The eternal question is of identity. Who are we, both as individuals and societies? The conventional answer is we are the sum of our experiences. Ignoring the old nature/nurture debate, lives are shaped by the choices we make and the consequences that affect us. An individual can have every conceivable genetic advantage but, if in a moment of drunken stupidity, our potential superman drives and crashes into a tree, every physical and intellectual advantage can be lost. Societies can also crash as selfishness and greed prevail over more altruistic policies to promote the common good. We only have to look around at the current debate over climate change. If everyone improved the efficiency of their homes and modified their behaviour to minimise emissions, the problem would be solved. But no-one wants to change unless they see the need in terms of their own benefit or are coerced into it. We may therefore be sleepwalking towards disaster. For those who like historical parallels, many of the theories to explain the collapse of the Mayan civilisation focus on the failure of agriculture to supply enough food to sustain the population. Yet, as the soil degraded, people kept on producing babies.

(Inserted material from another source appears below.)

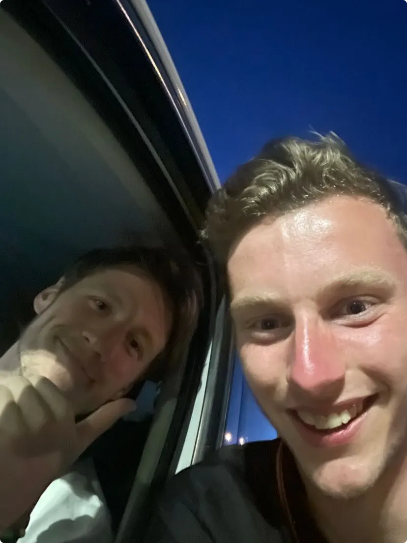 Hélène valt hem in de reden: "Met je broek naar beneden?". De Weghorst-fan reageert lachend: "Ja, niet helemaal maar wel half. Dus ik dacht ik rond het snel af en dan loop ik weer terug naar mijn vrienden. Op het moment dat ik terugloop kom ik langs die auto en het raam gaat in een keer naar beneden. 'Mooi shirt', hoor ik de man nogmaals zeggen."

Vortex by Robert Charles Wilson is the third and presumably last novel following on Spin and Axis. From a structural point of view, it’s elegantly constructed with two narrative threads. One is based in a recognisably “human” future as society adapts to the life offered by the Hypotheticals — aliens who have drastically interfered with Earth’s development for no obvious reason. The second starts some ten thousand years further into the future and then moves forward. Here we see some interesting posthuman speculation as hive-mind societies have emerged, with groups of individuals linking their emotional and intellectual functions into a consensual whole. The boundary lines between an individual and the group mind therefore blur as the mass of “human” thoughts and feelings are mediated through massive computer systems. All this would work well if the zeitgeist for each community remains rational or emotionally balanced. But, with everyone linked together, it’s entirely possible a society might unknowingly slip into irrationality or a single emotional state. Once this happens, there might be wars or a society might simply give up and die.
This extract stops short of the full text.